What you should do: Make an exact copy, without pictures, of the lines below from the one containing "在我国陕西、甘肃、宁夏及以南" to the last line, both ends included.

Given data:

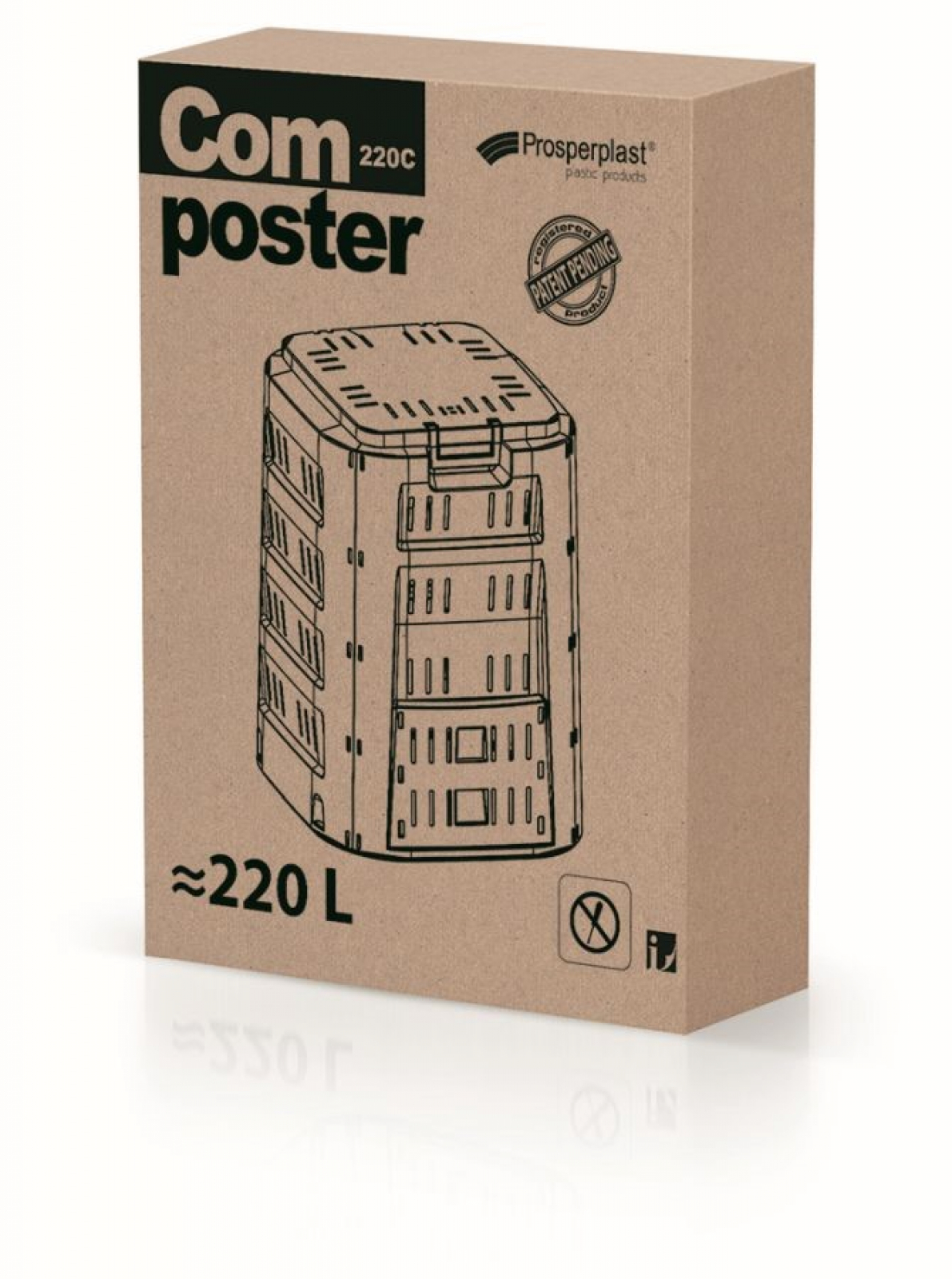 Kompostér je vyroben z omyvatelného plastu a vyznačuje se především výborným systémem provzdušňování. Kompost z tohoto kompostéru je plnohodnotný a vzniká až 5x rychleji. Je snadno přenosný, složitelný a má velmi jednoduchou konstrukci. Kompostér nemá dno, takže má přímý styk s p celý popisůdou v které jsou červy a organismy, které se podílí na tvorbě humusu. Plní se shora a po bocích má otvory a přívody pro vzduch. Rozměry 61x75x61 cm. Hmotnost cca 3,78 kg.
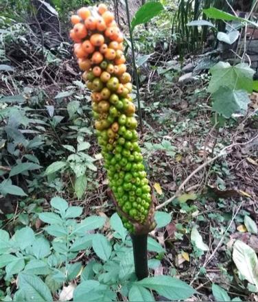 在我国陕西、甘肃、宁夏及以南各地生长着一种天南星科草本植物,在《种子植物手册》中记载为魔芋,人们通常叫魔芋,在《中国植物志》中记载为磨芋,它全株有毒,但人们常加工食用或药用,具有经济价值。今天我从植物学的角度谈谈这种植物的一些情况。
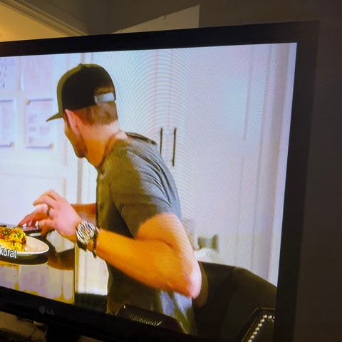 En kjempefin Tv både når det gjeldet design og billedkvalitet. TV er montert på fot, men veggfeste følger også med om ønskelig.
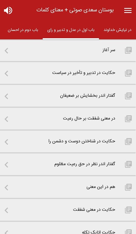 نکته: در نسخه رایگان، به باب اول بوستان دسترسی دارید و برای دسترسی به همه محتوای برنامه، نیاز به خرید نسخه کامل می باشد.

Reply:
 在我国陕西、甘肃、宁夏及以南各地生长着一种天南星科草本植物,在《种子植物手册》中记载为魔芋,人们通常叫魔芋,在《中国植物志》中记载为磨芋,它全株有毒,但人们常加工食用或药用,具有经济价值。今天我从植物学的角度谈谈这种植物的一些情况。
 En kjempefin Tv både når det gjeldet design og billedkvalitet. TV er montert på fot, men veggfeste følger også med om ønskelig.
 نکته: در نسخه رایگان، به باب اول بوستان دسترسی دارید و برای دسترسی به همه محتوای برنامه، نیاز به خرید نسخه کامل می باشد.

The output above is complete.